Great tank Jim. I like that it doesnt 'try' to look like a high tech tank.
Very healthy plant growth and even better how low maintenance it is... great Ludwigia and Swords; swords have only done well for me on natural tanks, everywhere else they struggle.

Nice discussion too!


----------



## Dustymac (Apr 26, 2008)

f1ea said:


> Great tank Jim. I like that it doesnt 'try' to look like a high tech tank.
> Very healthy plant growth and even better how low maintenance it is... great Ludwigia and Swords; swords have only done well for me on natural tanks, everywhere else they struggle.
> 
> Nice discussion too!


Thanks! I struggled for years to grow plants in my fish tanks. It wasn't until getting Diana's book that I started to understand what I was doing wrong.

Jim


----------



## Dustymac (Apr 26, 2008)

Phil,

Localized allelopathy seems fantastic to me. It would require the plant cell to detect the attachment of the alga on the outer cell wall and then bore a hole into the the anchoring algae cell to inject the toxin. I've never heard of any cell, plant or animal which has this capability. 

Then, for the toxin to poison the rest of the algae filament, it would require an active transport mechanism from the anchoring algae cell to the rest of the cells down the line. Since algae filaments are only one cell thick, this is equally fantastic. Even if we assume there is some sort of diffusion between algae cells, permeation would be slow and hair/beard algae would appear to have white roots as it starts to fade. I've never seen this. 

As to the slouphing off of young plant cells, I can't find anything on the net or in any of my literature to suggest plants have this capability. From what I know and what I can research, plant leaves grow to a certain size and then stop. No further cell division takes place. 

Finally, spore creation would be exascerbated by CO2 injection since algae feed on CO2. If someone wanted to reduce spore production, the last thing you would do is add something to the water to help the algae grow. If you didn't add CO2, you might be able reduce spore concentration through heavy water changing. Given how short are some algae reproductive cycles, I suspect no one changes their water that often. 

You still haven't addressed my theory that CO2 injection hastens the depletion of a limiting essential nutrient which gives appearance that it's hurting the algae.

Jim


----------



## Philosophos (Mar 1, 2009)

Dustymac said:


> It would require the plant cell to detect the attachment of the alga on the outer cell wall and then bore a hole into the the anchoring algae cell to inject the toxin


Why would it require this? Other chemical toxins don't.



Dustymac said:


> I've never heard of any cell, plant or animal which has this capability


Viruses do it all the time. You'll find ID proponents trying to use it as irreducible complexity while simultaneously ignoring flagellum. That's besides the point, though.



Dustymac said:


> Then, for the toxin to poison the rest of the algae filament, it would require an active transport mechanism from the anchoring algae cell to the rest of the cells down the line.


Why? Wouldn't detachment be enough to remove the algae from the plant?



Dustymac said:


> Even if we assume there is some sort of diffusion between algae cells, permeation would be slow and hair/beard algae would appear to have white roots as it starts to fade. I've never seen this.

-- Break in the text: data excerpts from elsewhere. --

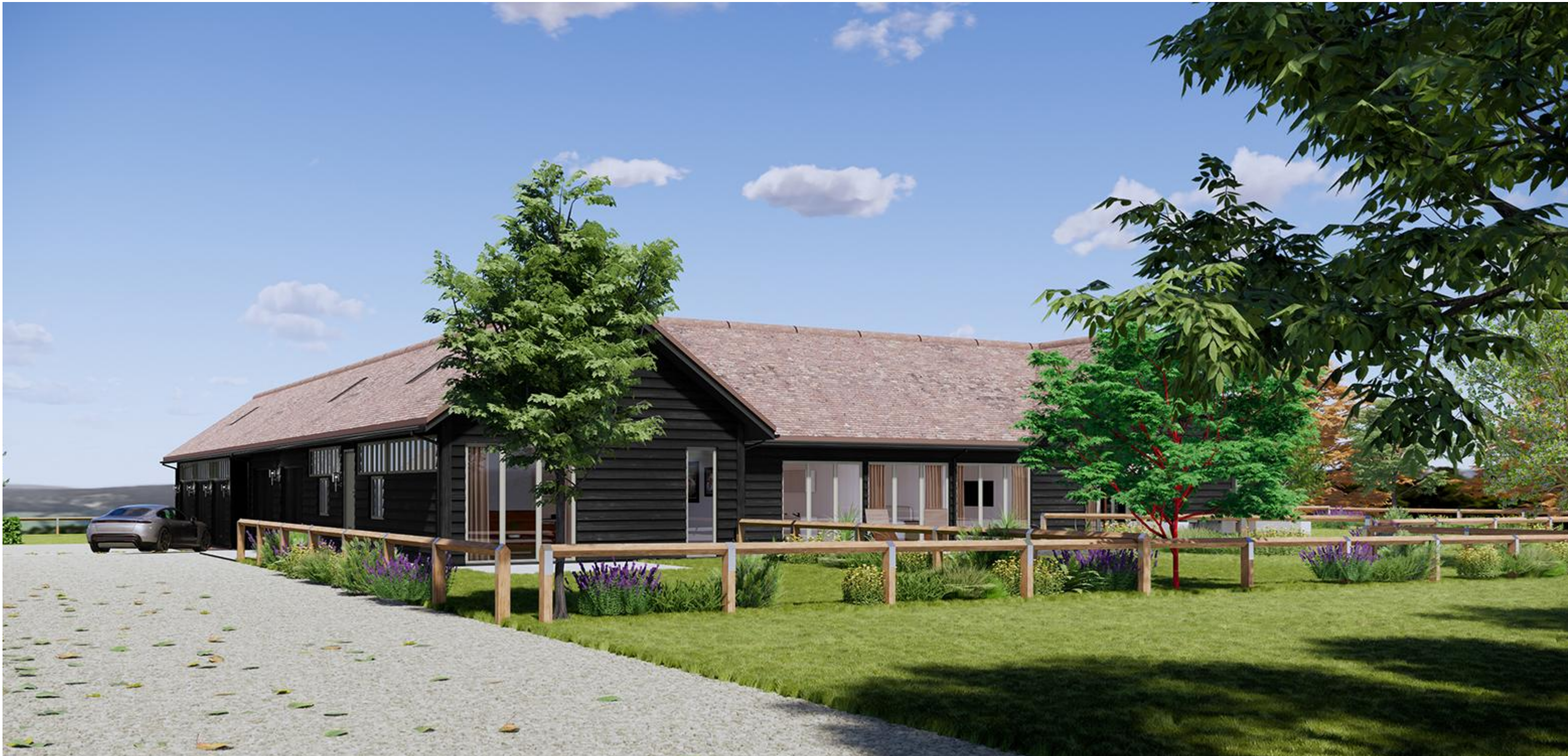
View of the building as accessing the site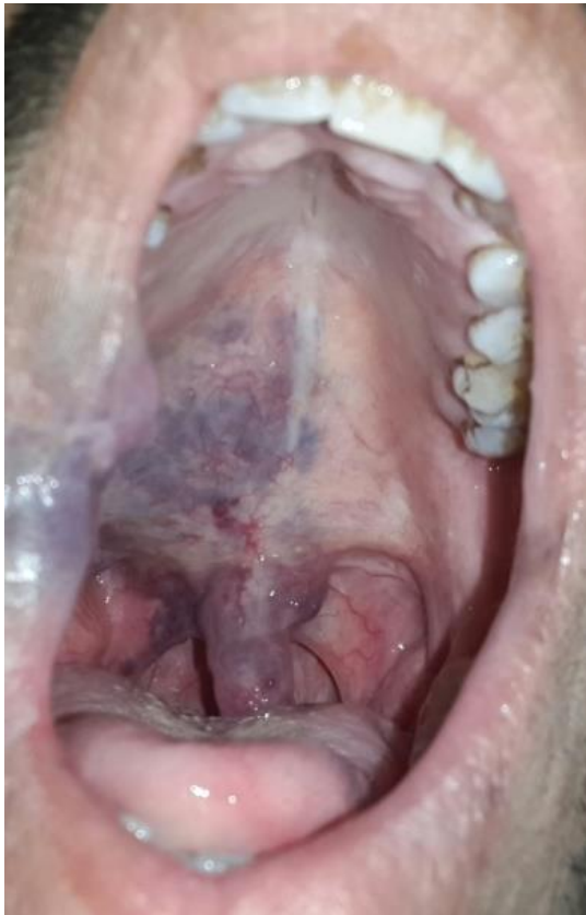
Figure 5. The case of palatal minor vascular malformation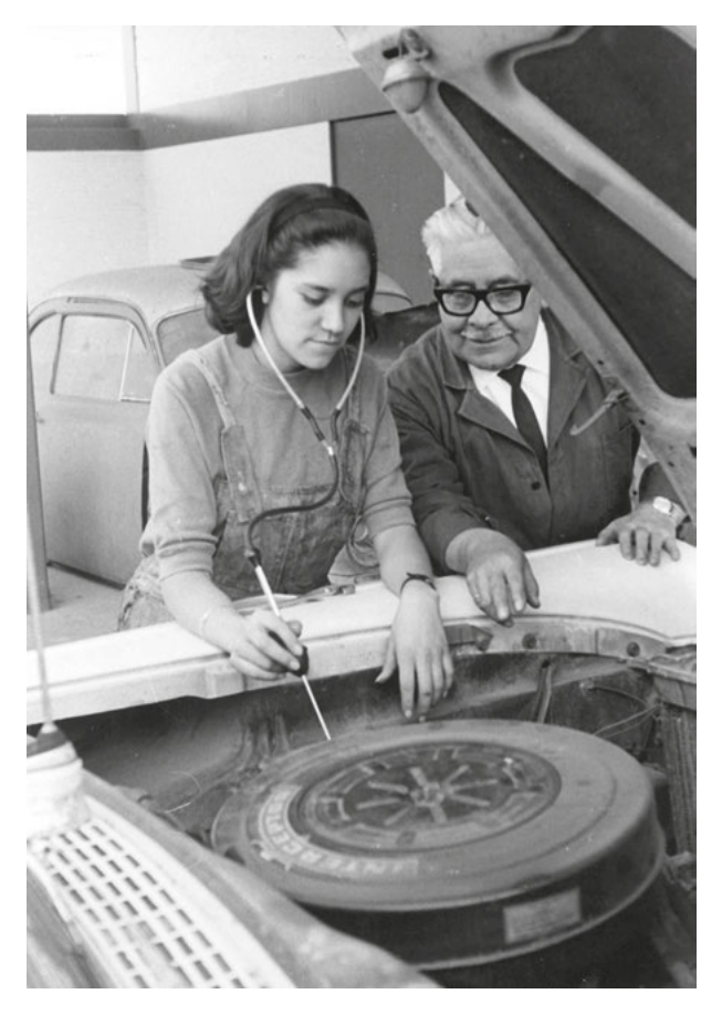
Figure 9: Training course in car mechanics, International Training Centre of the ILO, Turin, 1960s.

ception that "more scientific" approaches were necessary to gain credibility, both with the public and vis-à-vis other organizations carrying out similar functions.<sup>433</sup>

I'd assume you'd need a microscope to observe the death of a couple of cells. I'm not speaking of long strands of algae here; I don't see plants recovering from that. This is about establishment on what would be a microscopic level.



Dustymac said:


> As to the slouphing off of young plant cells, I can't find anything on the net or in any of my literature to suggest plants have this capability. From what I know and what I can research, plant leaves grow to a certain size and then stop. No further cell division takes place.


What I'm referring to here is the fine cuticle that exists on submerged macrophytes; not the upper epidermis. Submerged plants have a reduced cuticle, but it is definitely still there.



Dustymac said:


> Finally, spore creation would be exascerbated by CO2 injection since algae feed on CO2. If someone wanted to reduce spore production, the last thing you would do is add something to the water to help the algae grow. If you didn't add CO2, you might be able reduce spore concentration through heavy water changing. Given how short are some algae reproductive cycles, I suspect no one changes their water that often.


Algae require far less CO2 than SAM's. If algae growth is not favorable when SAM's are under optimal conditions, especially ones that push for surface space to reduce light underneath. It may be possible that many species of algae has evolved when CO2 levels are low and NH4 levels high simply because it is a point that frequently correlates with macrophyte decline.



> You still haven't addressed my theory that CO2 injection hastens the depletion of a limiting essential nutrient which gives appearance that it's hurting the algae.


The fact that EI dosed tanks test out at nonlimiting levels of nutrients constantly without inducing algae is very strong evidence for this. I pointed it out in my last post. Algae is not rampant in many tanks where Sears-Conlin dosing exists with PO4 added back in, and non-limiting CO2.

-Philosophos


----------



## Dustymac (Apr 26, 2008)

Philosophos said:


> Why would it require this? Other chemical toxins don't.


If you rule out secretion into the tank water, how else is the toxin supposed to poison the algae cell? Teleportation? 



> Viruses do it all the time. You'll find ID proponents trying to use it as irreducible complexity while simultaneously ignoring flagellum. That's besides the point, though.


Richard Dawkins aside, you realize the difference in scale between plant cells and virii? Or are you suggesting plant cells foster their own algae-attacking viruses which overcome algae defenses? Evidence please.



> Why? Wouldn't detachment be enough to remove the algae from the plant?


That's not the way algae dies. Hair/thread algaes discolor when they spill their chloroplasts but maintain structural integrity, going through a pale phase before breaking up. Besides, I've seen millions of algae hairs but can't remember one instance of noticing them floating un-tethered about the tank.



> I'd assume you'd need a microscope to observe the death of a couple of cells. I'm not speaking of long strands of algae here; I don't see plants recovering from that. This is about establishment on what would be a microscopic level.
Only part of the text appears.